We AFFIRM in part and VACATE in part. Defendants' request for sanctions is DENIED. Each party is ordered to bear its own costs.

*

This disposition is not appropriate for publication and may not be cited to or by the courts of this circuit except as provided by Ninth Circuit Rule 36-3

1

Plaintiffs also contend that under Act Up!/Portland v. Bagley, 988 F.2d 868 (9th Cir. 1993), the question of qualified immunity may not be presented to the jury under any circumstances. This contention is without merit. Act Up!/Portland addresses whether a defendant should be relieved from going to trial, not whether a plaintiff may deprive a defendant from the opportunity to raise a defense of qualified immunity

2

The district court denied summary judgment on the ground that there was no violation of the Fourth Amendment. We may affirm, however, "on any basis supported by the record even if the district court did not rely on that basis." United States v. State of Washington, 969 F.2d 752 (9th Cir. 1992), cert. denied, 113 S. Ct. 1945 (1993)

3

To determine whether the law was "clearly established", we review "all available decisional law including decisions of state courts, other circuits, and district courts." Vaughan v. Ricketts, 859 F.2d 736, 739 (9th Cir. 1988) (quotation omitted), cert. denied, 490 U.S. 1012 (1989)

4

Since 1988, California courts have made it clear that they believe Santana applies to misdemeanors. "Where the pursuit into the home was based on an arrest set in motion in a public place, the fact that the offenses justifying the initial detention or arrest were misdemeanors is of no significance in determining the validity of the entry without a warrant." People v. Lloyd, 216 Cal.App.3d 1425, 1430 (1989) (upholding warrantless entry to issue a citation for traffic violations because the suspect refused to produce his driver's license), cert. denied, 497 U.S. 1026 (1990); see also In re Lavoyne M., 221 Cal.App.3d 154, 158-59 (1990) (exigency of hot pursuit justified entry to arrest suspect for failure to stop at a stop sign, driving without a license, and resisting an officer--all misdemeanors).

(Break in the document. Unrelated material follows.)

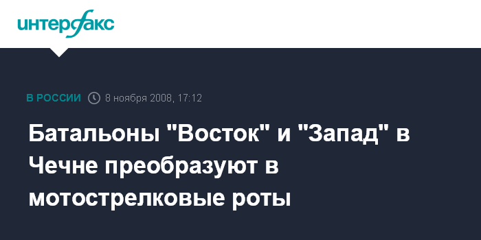 Москва. 8 ноября. INTERFAX.RU - Батальоны спецназа Минобороны РФ "Восток" и "Запад, дислоцирующиеся в Чечне, будут преобразованы в мотострелковые роты, сообщил в субботу агентству "Интерфакс-АВН" заместитель главкома сухопутных войск РФ, генерал-полковник Владимир Молтенской.

Although these cases had not been decided at the time of the alleged violation in this case, they bolster our conclusion that a reasonable officer could have interpreted the law at that time to excuse their warrantless entry, without regard to the severity of the offenses committed

5

The advisory committee's notes to the 1991 amendments to Rule 50 caution that: "In no event ... should the court enter judgment against a party who has not been apprised of the materiality of the dispositive fact and been afforded an opportunity to present available evidence bearing on that fact."